This was the place where the Third Reich made it's last stand. For me, it was an amazing moment to walk those stairs that the Soviets stormed in 1945. In 1985, it was not being used as the capital was in Bonn at that time. And in 1985, it was right next to the Brandenberg Gate which was in the no-man's land of the Berlin Wall. Our bus toured past the Brandenberg Gate and the T-34/85's mounted on pedestals. It was a surreal experience. 

It was so strange to me to walk across the grass covered field with people flying kites  in exactly the same spot that a German 88mm Flak Gun once fired away at Soviet JS-II's. 
As I entered the building, my mind swirled with thoughts of the combat that took place within. And then I looked around and there were people wandering all around in a building that was then a museum. And in this museum was a bookstore and there I found and purchased my copy of A Time for Trumpets. How weird to buy a book about the Battle of the Bulge in the Reichstag.

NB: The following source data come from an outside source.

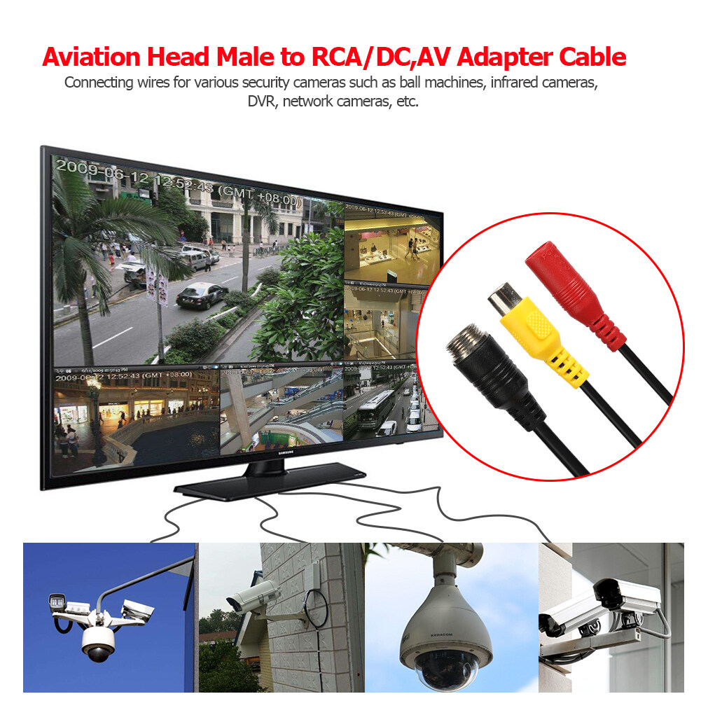 M12 4Pin Aviation Head Male to RCA/DC Female CCTV Camera AV Adapter Connector Cable Wire
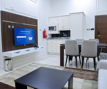 It offers direct in-room dining service via QR code, a tea maker, OSN+ premium TV channels, a telephone, as well as a dedicated high-speed private internet connection and a personal safe.
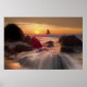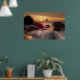 Apresentando um fôlego considerando um pôr de sol laranja sobre o topo do oceano e as ondas atingindo a costa do oceano. esta é uma bela foto nesta poster
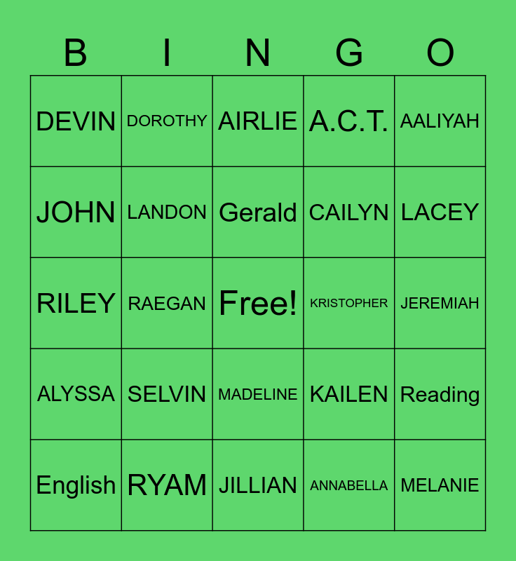 This bingo card has a free space and 30 words: RYAM, HAILEY, RAEGAN, KRISTA, DEVIN, AIRLIE, LANDON, MADELINE, KRISTOPHER, JILLIAN, JEREMIAH, MELANIE, ANNABELLA, JACK, LACEY, SEAN, KAILEN, ALYSSA, SELVIN, AALIYAH, RILEY, ALEXANDRA, DOROTHY, CAILYN, JOHN, A.C.T., Reading, English, Gerald and practice.
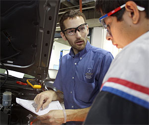Students in the GM ASEP program are required to find a job with a company dealer in the local area to continue their studies. Half of the students’ earned credit comes from their work at the dealerships.
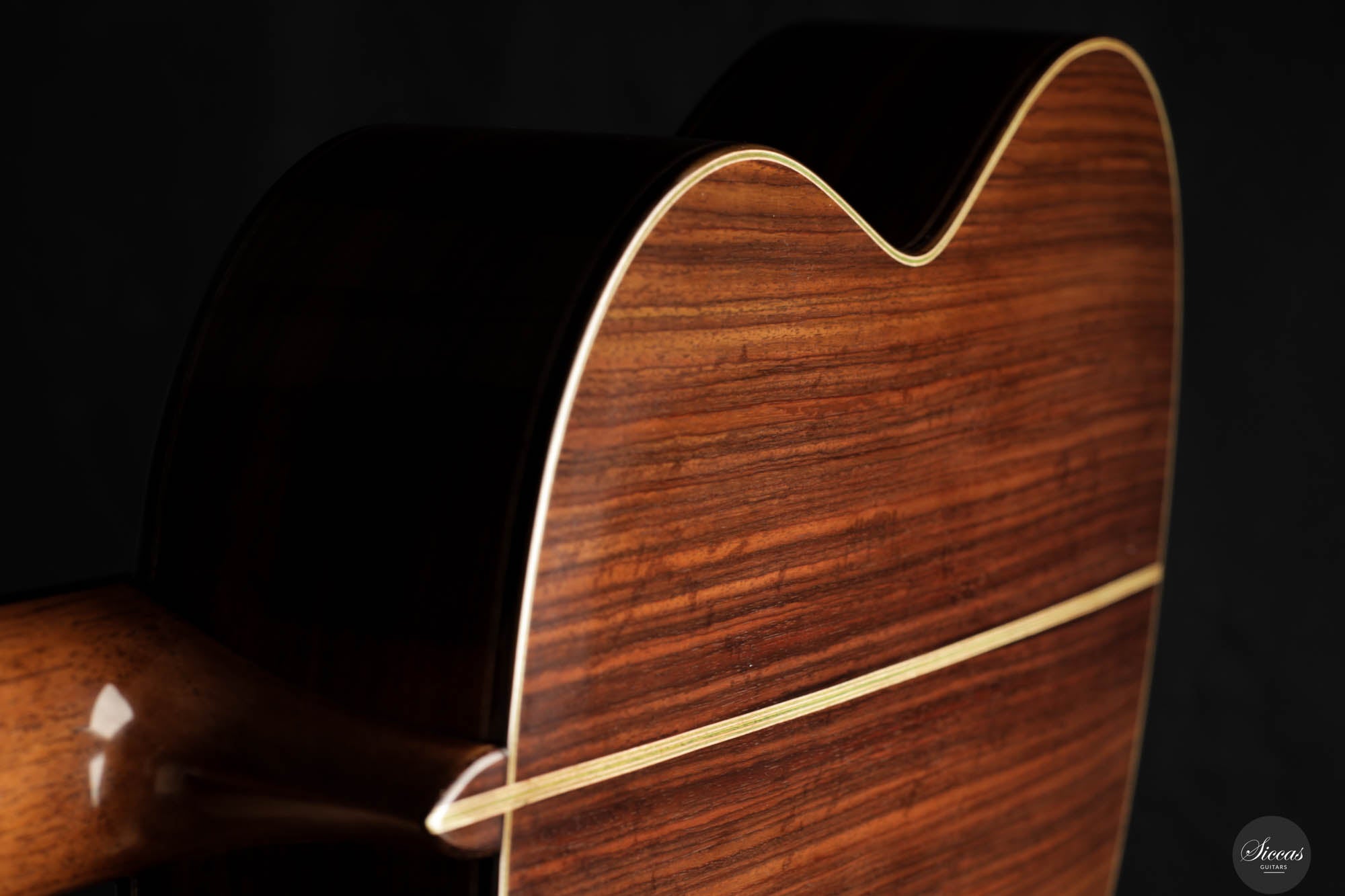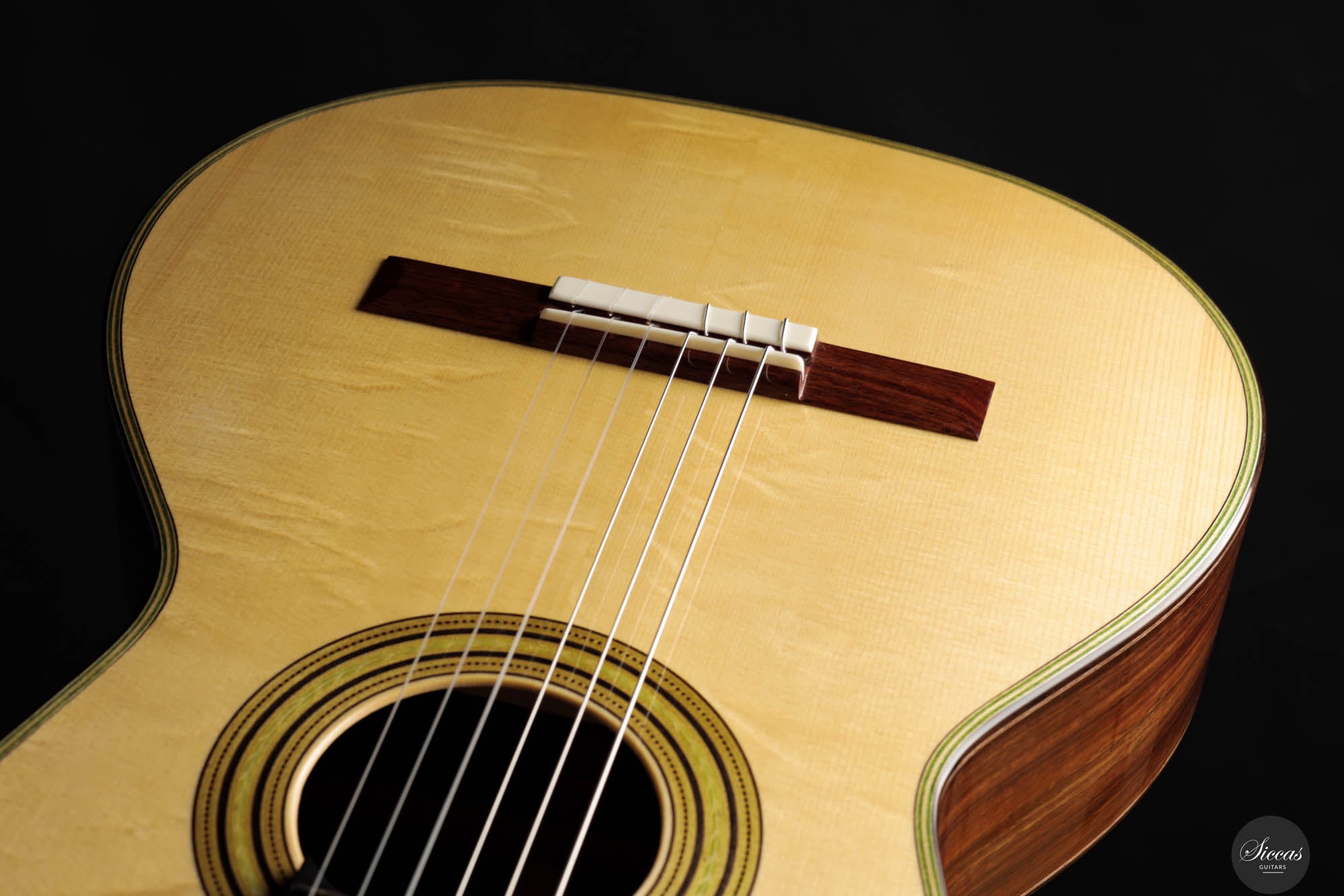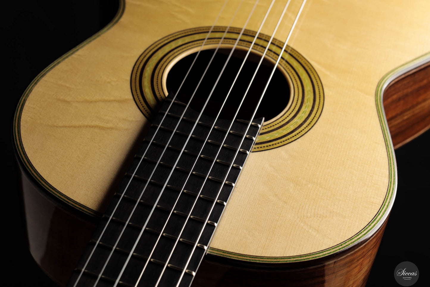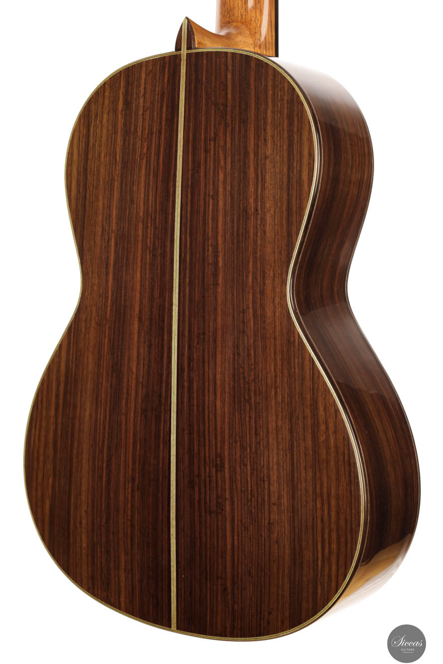 Wolfgang Jellinghaus’ meticulous study and admiration for Antonio de Torres' work have culminated in the creation of a series of high-quality yet affordable guitars, each echoing the essence of original Torres instruments from various periods. This particular model draws inspiration from an early Torres guitar, built in 1860 and cataloged as FE 13 by Jose Romanillos. The historical significance of the original instrument is profound, having passed through the hands of Miguel Llobet before being sold to Hermann Hauser I, who regarded it as a pivotal influence on his mature style. Jellinghaus' commitment to authenticity is evident in every aspect of the guitar, from the painstaking reproduction of the original's "lime green" purfling on the top, back, and rosette, to the custom-built period-style tuning machines. This dedication to detail ensures that the guitar not only embodies the spirit of the original Torres but also serves as a bridge connecting modern players to the rich heritage of classical guitar craftsmanship.
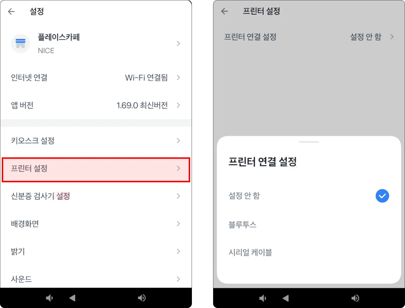프린터 설정에서 프린터 연결 설정을 눌러 프린터기 유형에 맞게 선택해주세요.
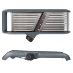 Prepworks Folding Mandoline: 4-Blade Vegetable & Cucumber Slicer, Dishwasher-Safe, Green/Gray
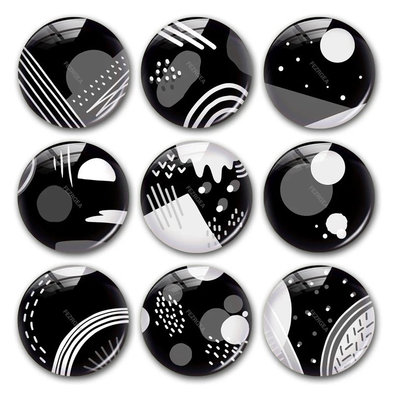 Стеклянный кабошон с геометрическим узором, черные, белые, серые цифровые изображения, круглые фото, кабошон, демонстрация, с плоской обратной стороной
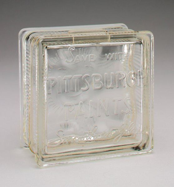 Curator: Here we have a rather unusual object: a glass block functioning as a still bank. It comes from the Pittsburgh Corning Glass Block Corporation, dating back to the 20th century. Editor: First impression? Kind of sterile, almost like something from a sci-fi hospital. But there’s a strange beauty to it. I find its rigid structure oddly appealing. It reminds me of the modernist designs for communal living spaces, or government buildings—there is almost an utopian ideal implied. Curator: It certainly reflects a particular moment in design history, where industrial materials like glass were embraced for their functionality and aesthetic potential. This piece served a dual purpose – showcasing the company’s product while encouraging thriftiness. These objects often were handed out to employees to encourage investing. Editor: True, there's also something melancholic about it. Glass is so transparent, yet also fragile and unforgiving. Imagine all the tiny coins rattling inside over time—all the wishes trapped within this see-through box! It looks like the inscription and designs are embossed onto the face of it? Is that right? Curator: Indeed, the text and branding are molded into the glass itself, creating a subtle yet permanent form of advertisement. Its durability—obviously, the block is built to last—meant that Pittsburgh Corning would have had its name in people's peripheral vision long after they installed any blocks for construction, for example. It became more of a symbolic keepsake over time, once glass block fell out of style, or were viewed as old-fashioned. Editor: Absolutely. Think about how many families might have held this very object? And what it stood for—security, prosperity, the American dream manifested in a block of solid, clear glass. I bet there's even a bit of nostalgic longing bound up in it now. It makes me wish I could hold it to find the answer. Curator: It definitely provides an intriguing look into the intersection of industry, design, and consumer culture, which makes this more than just a still bank; it becomes a historical artifact with multiple layers of meaning. Editor: You know, seeing this piece has me reconsidering everyday objects. A simple glass block becomes a vessel of memories. I love how art challenges us to see beauty in the mundane.
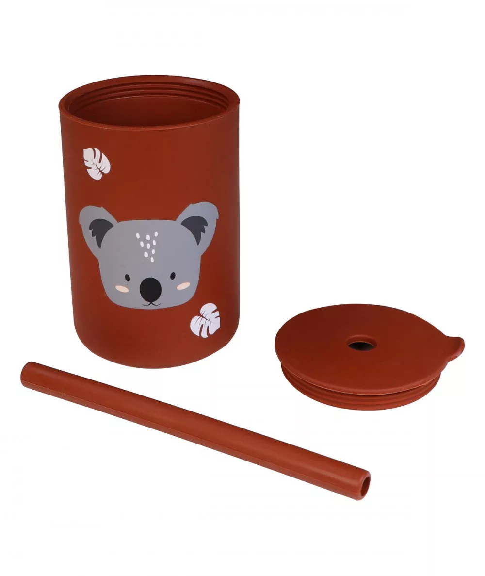 Ez a cuki koalás szilikon pohár biztos elnyeri majd gyermekünk tetszését! Számos előnnyel rendelkezik a pohár pl.: kellemes puha tapintású, rácsavarható kupakja nem engedi kiömleni a folyadékot ha feldől, mosogatógépben is mosható. Színének és mintájának köszönhetően uniszex, így a kistesó is megörökölheti.
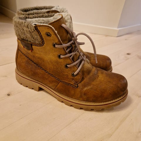 Vilpoiset päivät jatkuvat! Tästä erinomaisessa kunnossa, vain vähän käytetyt viininpunaiset Rieker talvikengät vuorella. Koko 38. Vetoketjut ja nauhat hyvässä kunnossa ja helpottavat säätämistä. Pohjat eivät ole yhtään kuluneet, joten pitoa on liukkaallakin säällä. Nouto Tuirasta.
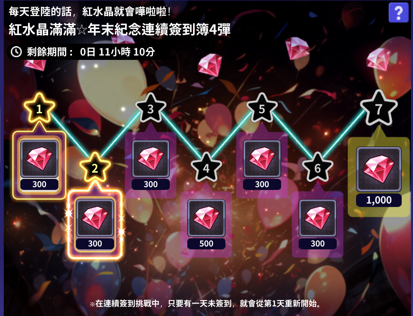- 連續簽到時可以獲得下一次簽到獎勵。
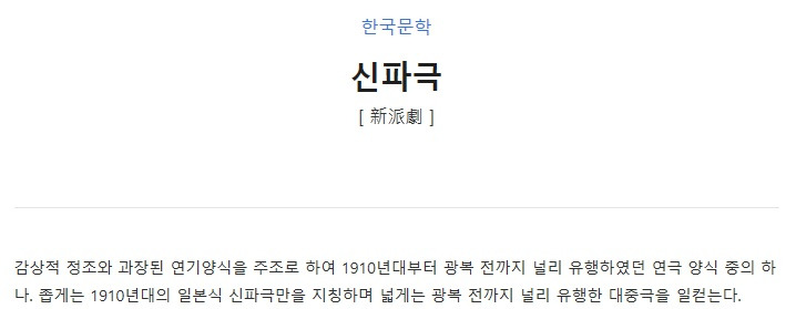 그리고 '신파'에 대해서도 함께 생각해보자. '신파'라는 장르는 "1910년대부터 1940년대까지 우리나라에서 유행하였던 연극 형태"라고 사전은 소개한다. 사전에서 지칭하는 말은, 일제시대에 우리나라에 유입된 하나의 연극 형태로서, 과장된 연기와 감성적인 감정을 주로 하는 연극의 갈래를 이야기하는 것이다. 이 시대의 신파극은 주로 '오락극'의 성격을 뗬다. 그래서 '웃음'을 목적으로 극단적인 감정의 표현을 기본으로 과장된 연기를 주로 했을 것이다.
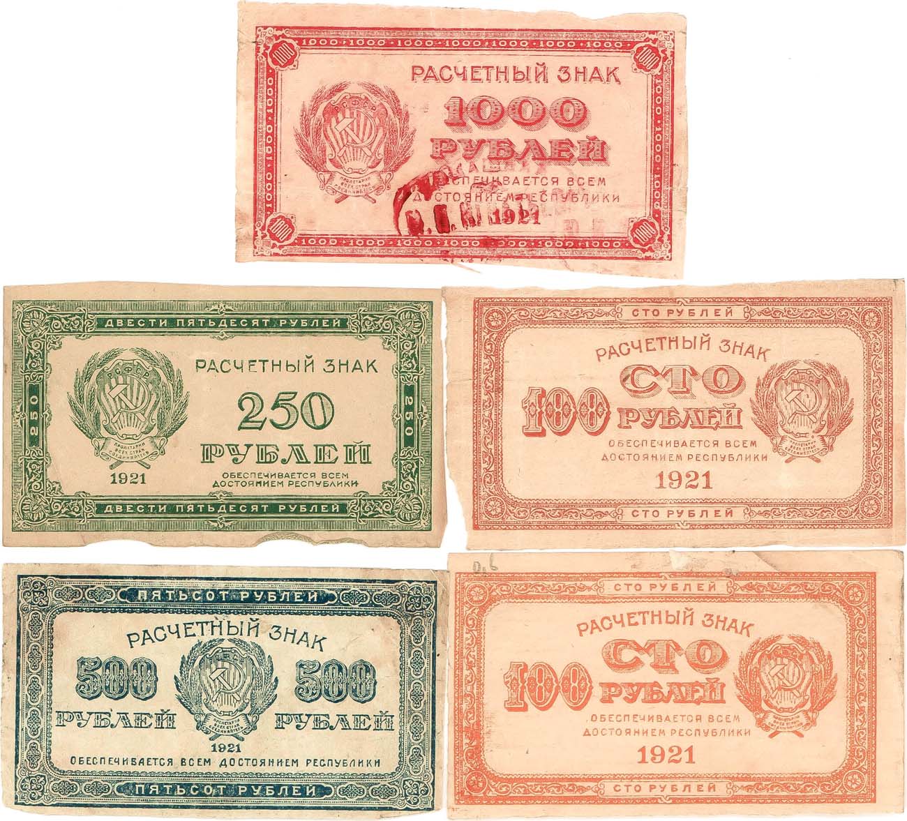 1000 рублей 1921 года. В/з 3. ZG2.№2.6.17. 500 рублей 1921 года. В/з 3. ZG2.№2.6.11. 250 рублей 1921 года. В/з 6. ZG2.№2.6.5. 100 рублей 1921 года. Коричневые. ZG2.№2.6.1. 100 рублей 1921 года. Лимонные. ZG2.№2.6.3. XF-/AU.

There I was in a building that 40 years earlier had been the scene of unimaginable carnage and desperation for the German defenders and equally unimaginable jubilation for the Soviet victors as they completed the epic defeat of Nazi Germany that had begun on the banks of the Volga River.
So hoist the flag my friends. Another visit to the Grumble Jones library has concluded. We'll open again in August...and perhaps look at some books on the Pacific Theater.


And lastly a few images I took while in East Berlin in 1985.




 Checkpoint Charlie in 1985.



The last pieces of the "old wall" before construction of the new wall was completed...and of course came down only four years later.

East German soldiers supervising the construction of the new wall.


 The death zone with the interior walls painted white to improve visibility.
 The Neue Wache in East Berlin.

 Changing of the Guard at the Neue Wache.

An iconic image of what I often feel was the last vestiges of the Third Reich.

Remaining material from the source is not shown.